Economists and investors said Prime Minister Liz Truss’s government, in power for less than three weeks, was losing financial credibility in unveiling such a plan just a day after the Bank of England hiked interest rates to contain surging inflation.

Sterling was last down 2.7 per cent at US$1.0560.

Marc Chandler, chief market strategist at Bannockburn Global Forex, called the currency’s record plunge “incredible”.

“The weekend press tarred and feathered sterling with assertions of its emerging-market status,” he said.

“I don’t buy that schadenfreude.
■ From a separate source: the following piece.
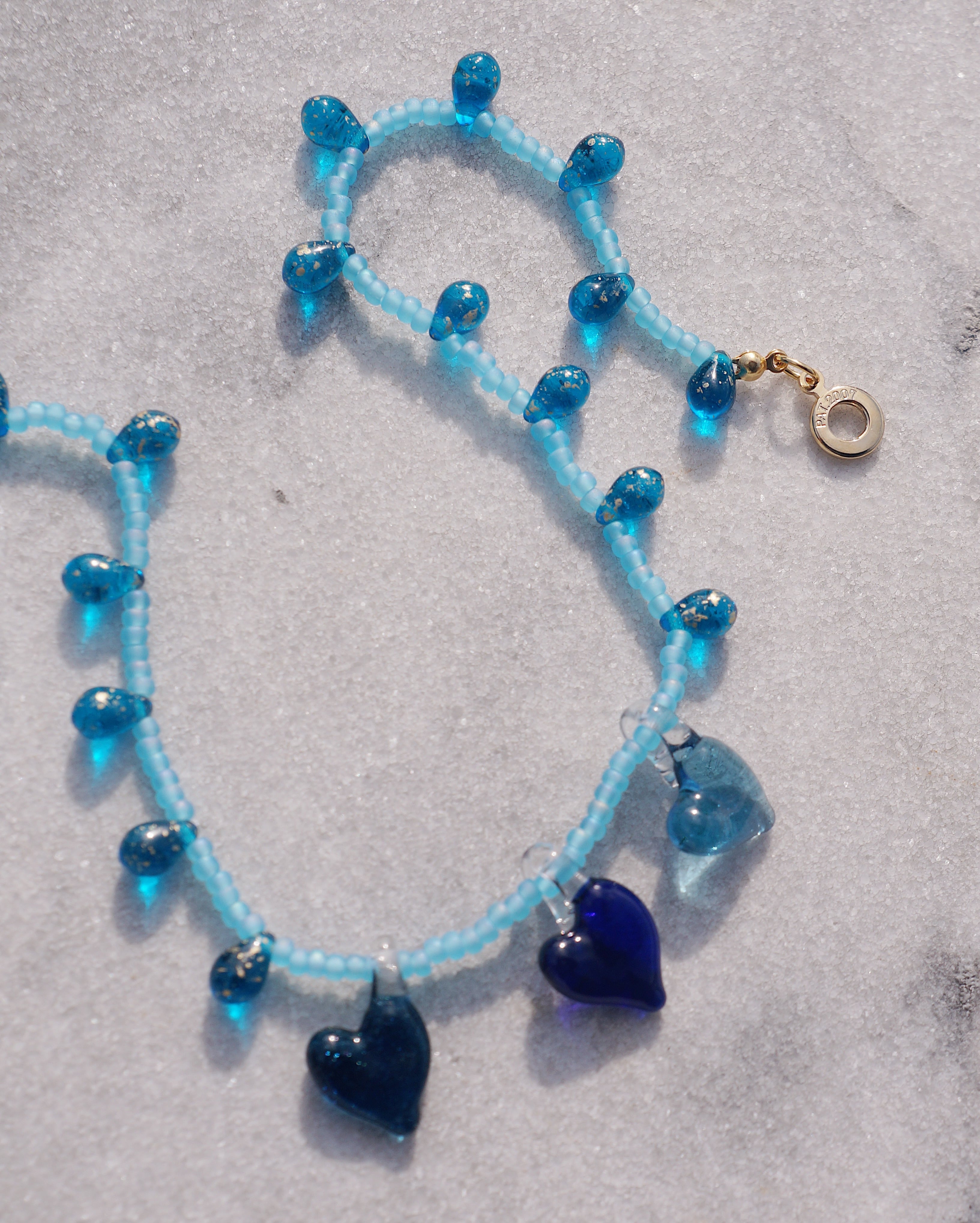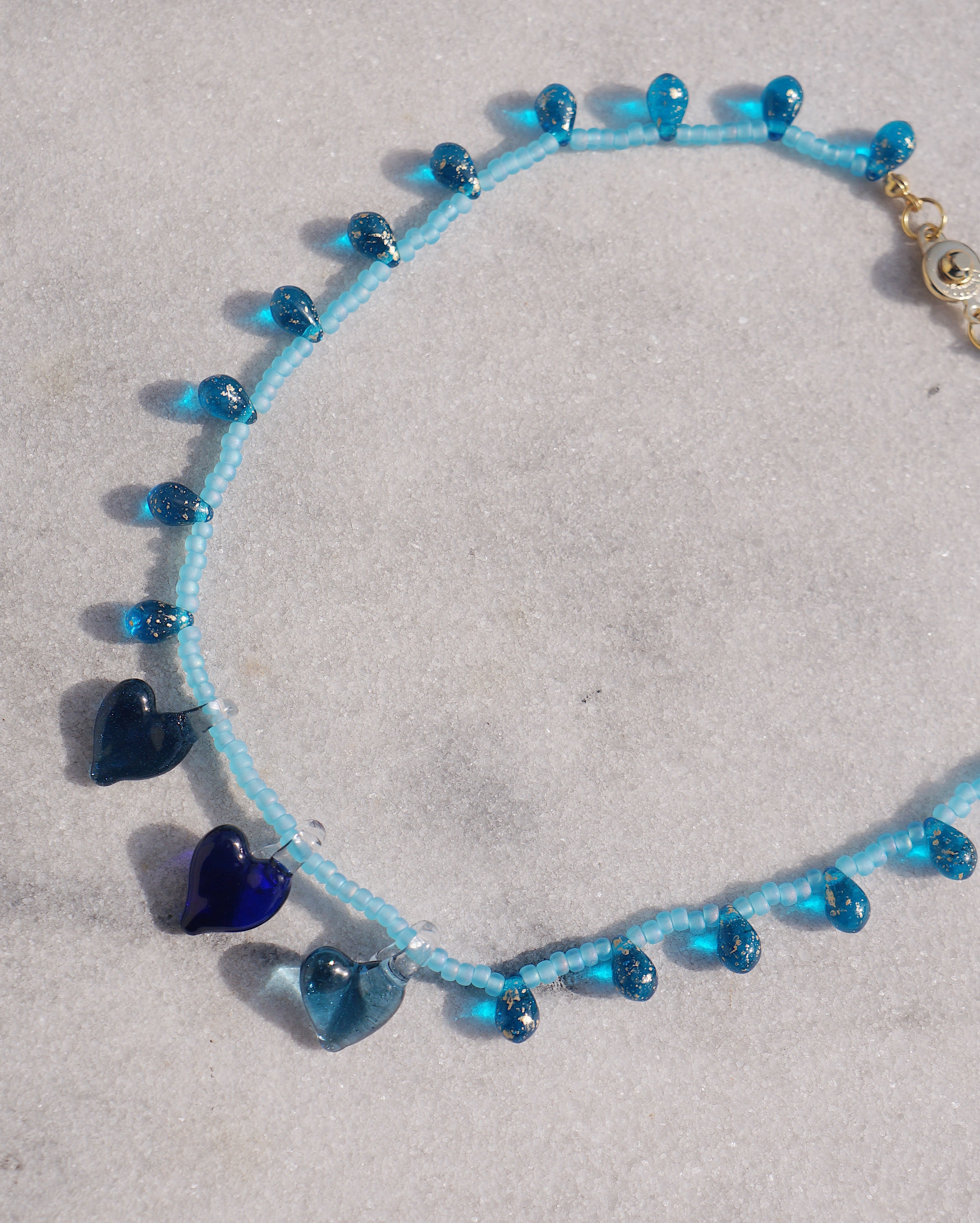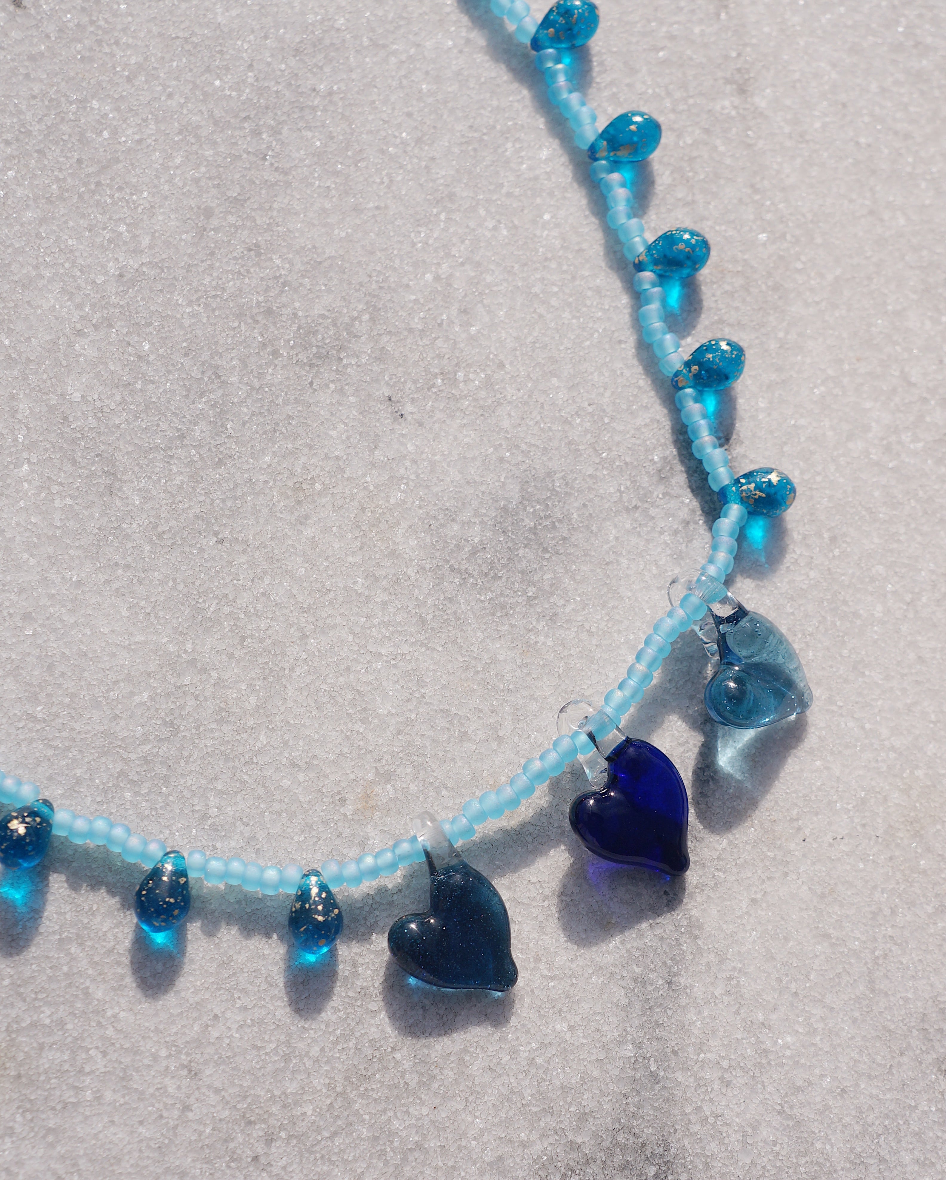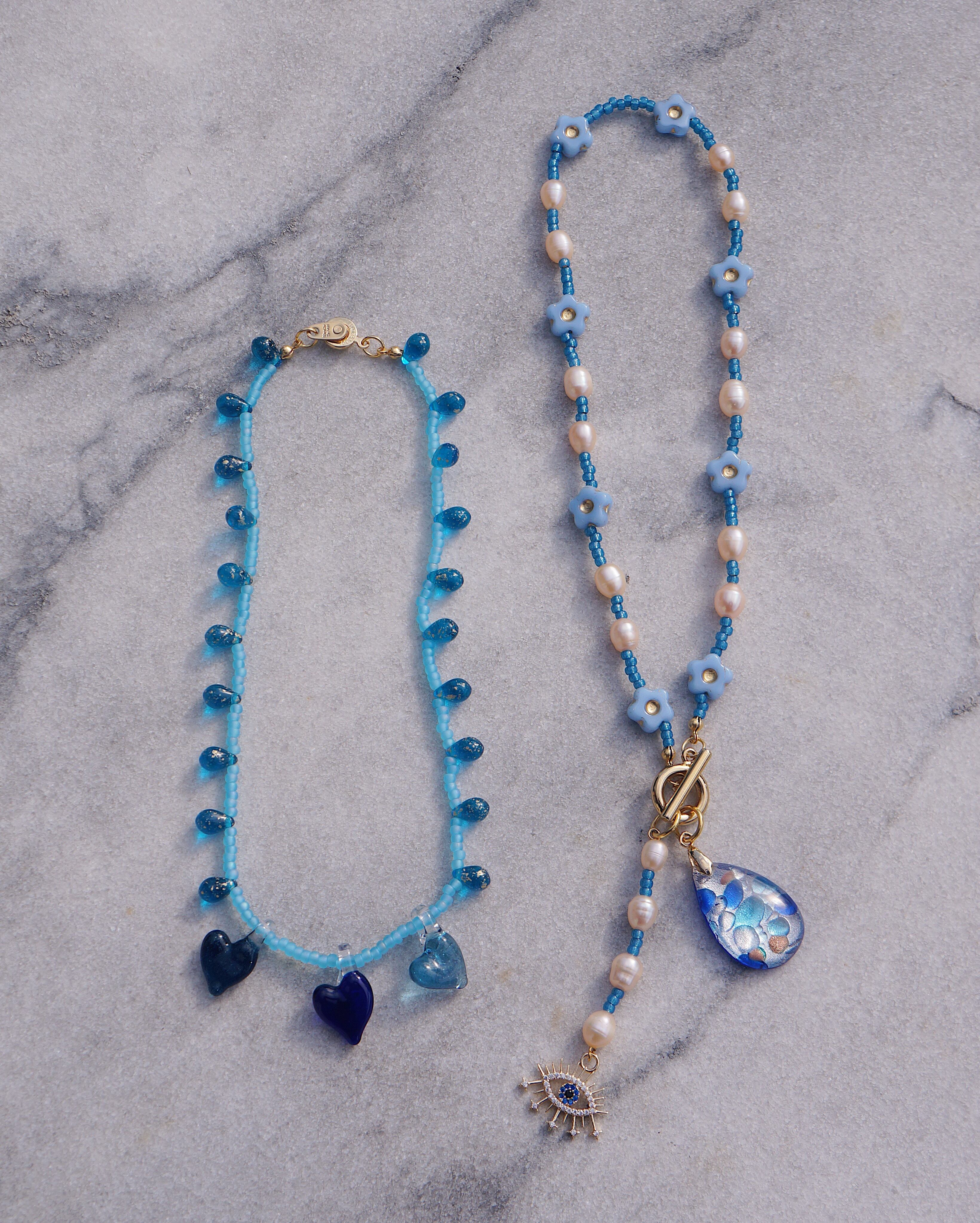 3つのハートのガラスチャームとつぶつぶしたドロップビーズがキュートなネックレスです。存在感があるデザインですが、ブルーでまとまっているためどんなスタイリングにも合わせやすい一点です。

Still, there is now bound to be speculation of an emergency BOE meeting and rate hike.”

Britain’s economy in a mess amid recession risk, inflation, energy crisis

Kwarteng’s announcement marked a step change in British financial policy, harking back to the Thatcherite and Reaganomics doctrines of the 1980s that critics have derided as a return to “trickle down” economics.
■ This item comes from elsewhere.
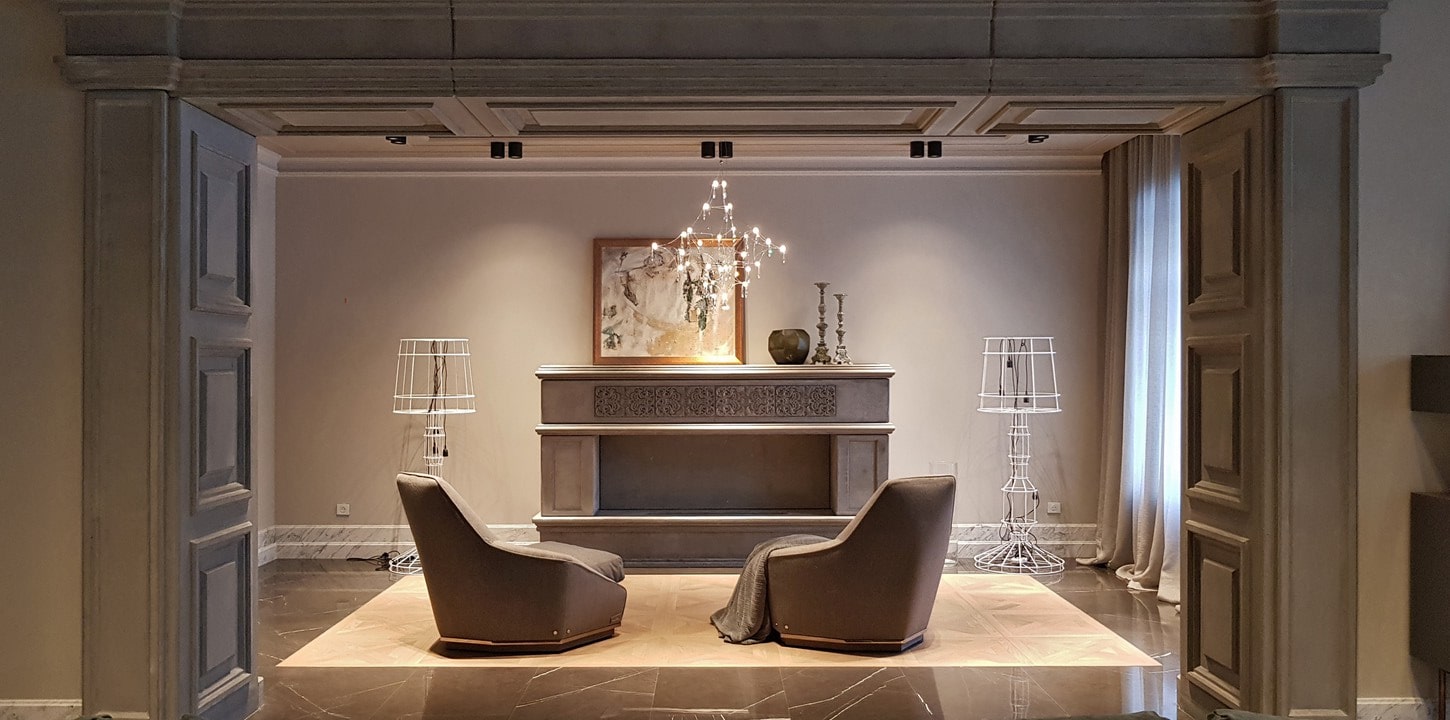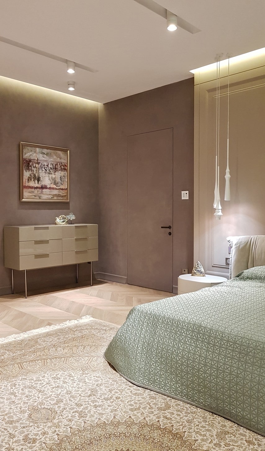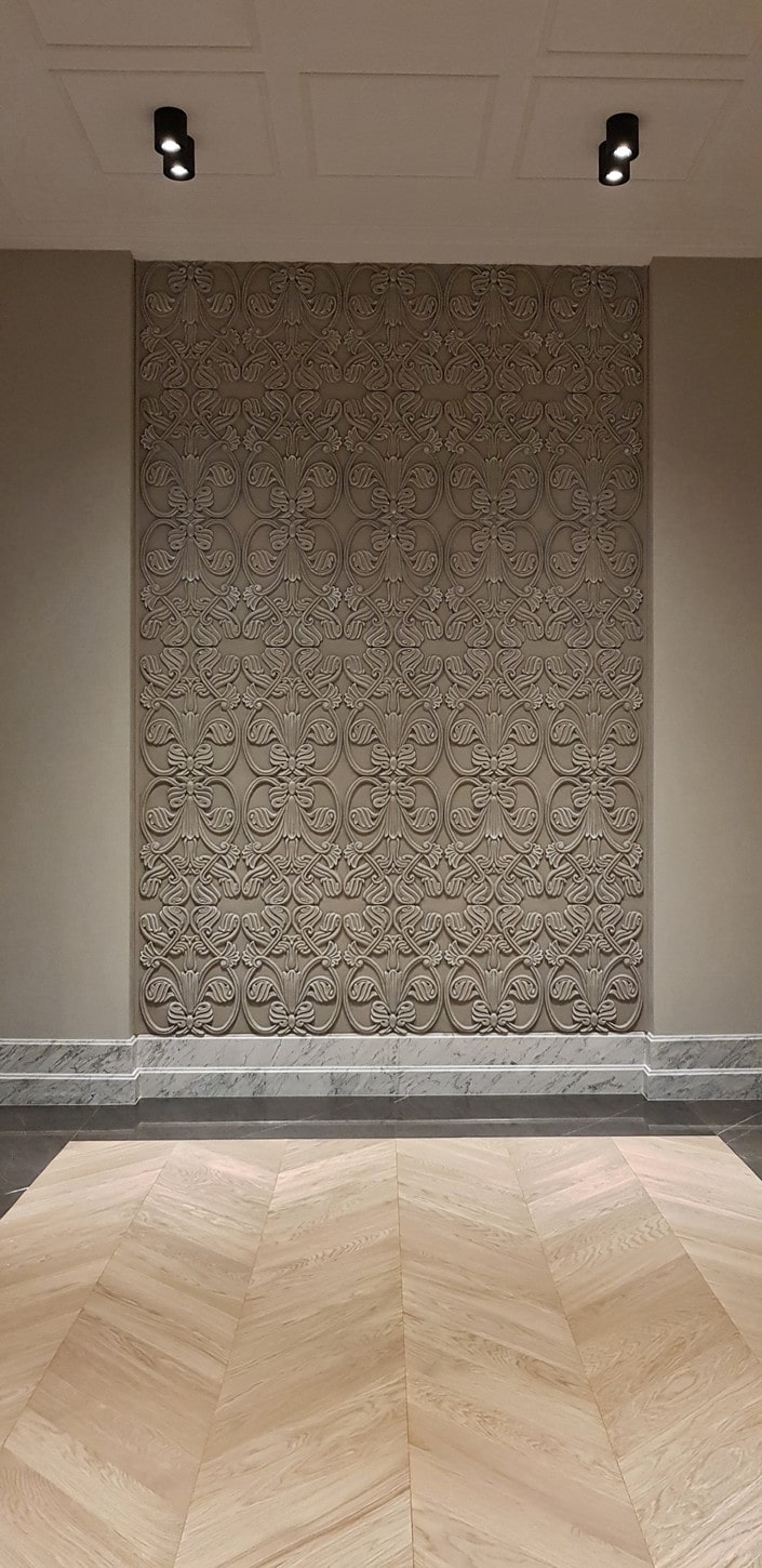 The concept of interior style mix. Powerful combination of: stone, wood, concrete, glass, gypsum & metal.

The so-called mini budget is designed to snap the economy out of a period of double-digit inflation driven by surging energy prices and a 15-year run of stagnant real wage growth.

In total, the plans will require an extra £72 billion of government borrowing over the next six months alone.

British government bond yields surged by the most in a day in more than three decades on Friday, with yields on the five-year gilt - one of the most sensitive to any near-term shift in interest rate or borrowing expectations - up by half a percentage point.

“When we see those gilt markets open a little later on, we’re probably going to see a pretty sharp spike,” said Chris Weston, head of research at Melbourne-based brokerage Pepperstone.

Britain’s Prime Minister Liz Truss. Photo: AFP

“In this environment, you either need to see much higher growth - which isn’t happening at the moment - or you need to see significantly higher bond yields to incentivise capital inflows. To get bond yields up to those levels, you need to see the Bank of England coming out and doing an emergency hike.”

Truss will face a rebellion from Tory backbenchers against her tax cuts if the pound falls to parity with the dollar, the Telegraph reported Saturday.

The opposition Labour Party - already enjoying a comfortable lead in the polls - is seeking to capitalise on the policy gulf that’s opened up with the Tories at its annual conference, which began in Liverpool on Sunday.

Leader Keir Starmer told the BBC he would reverse Kwarteng’s most eye-catching measure - the scrapping of the top 45 per cent rate of income tax levied on earnings over £150,000.